### What to do
For this exercise, restate every line below word for word and drop the images.

### Collected material

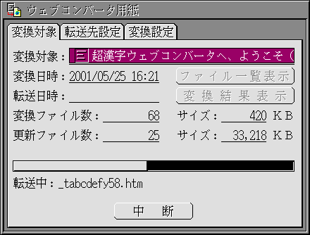 変換結果の転送が開始されます。転送中のHTMLファイル名と転送の進捗状態がウィンドウに表示されます。
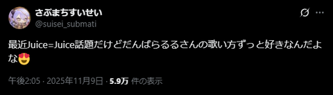 大人気Vチューバーさん、Juice=Juiceに言及する! 2025/11/12 ゲーム実況者速報 " " 1: ゲーム実況者速報 2025/11/09(日) 14:31:41.52 0 これhsチャンス 続きを読む Source: ゲーム実況者速報
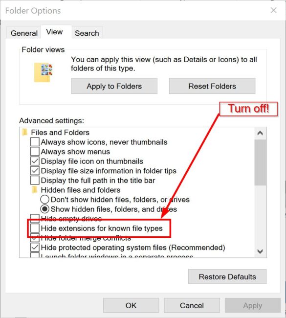 - Set to show file extensions in Windows
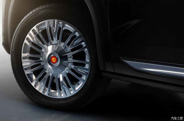 车身侧面,整个车头有着巨大的发动机舱,预示着这款车装载这一颗强大的“芯”,但这并未影响到车身的比例。后部乘用空间的尺寸更大,甚至C柱以后的尺寸已经达到一个半车门的长度。整个车身方正,尽可能保证乘坐空间,车身侧面翼子板上的红旗车标,彰显了尊贵气质。多条辐镀铬轮圈,展现出豪华的气质,轮圈上使用了葵花LOGO,这只有在L车系上才能见到,车门下方还有尊贵的脚踏板。

### Solved exercise
 変換結果の転送が開始されます。転送中のHTMLファイル名と転送の進捗状態がウィンドウに表示されます。
 大人気Vチューバーさん、Juice=Juiceに言及する! 2025/11/12 ゲーム実況者速報 " " 1: ゲーム実況者速報 2025/11/09(日) 14:31:41.52 0 これhsチャンス 続きを読む Source: ゲーム実況者速報
 - Set to show file extensions in Windows
 车身侧面,整个车头有着巨大的发动机舱,预示着这款车装载这一颗强大的“芯”,但这并未影响到车身的比例。后部乘用空间的尺寸更大,甚至C柱以后的尺寸已经达到一个半车门的长度。整个车身方正,尽可能保证乘坐空间,车身侧面翼子板上的红旗车标,彰显了尊贵气质。多条辐镀铬轮圈,展现出豪华的气质,轮圈上使用了葵花LOGO,这只有在L车系上才能见到,车门下方还有尊贵的脚踏板。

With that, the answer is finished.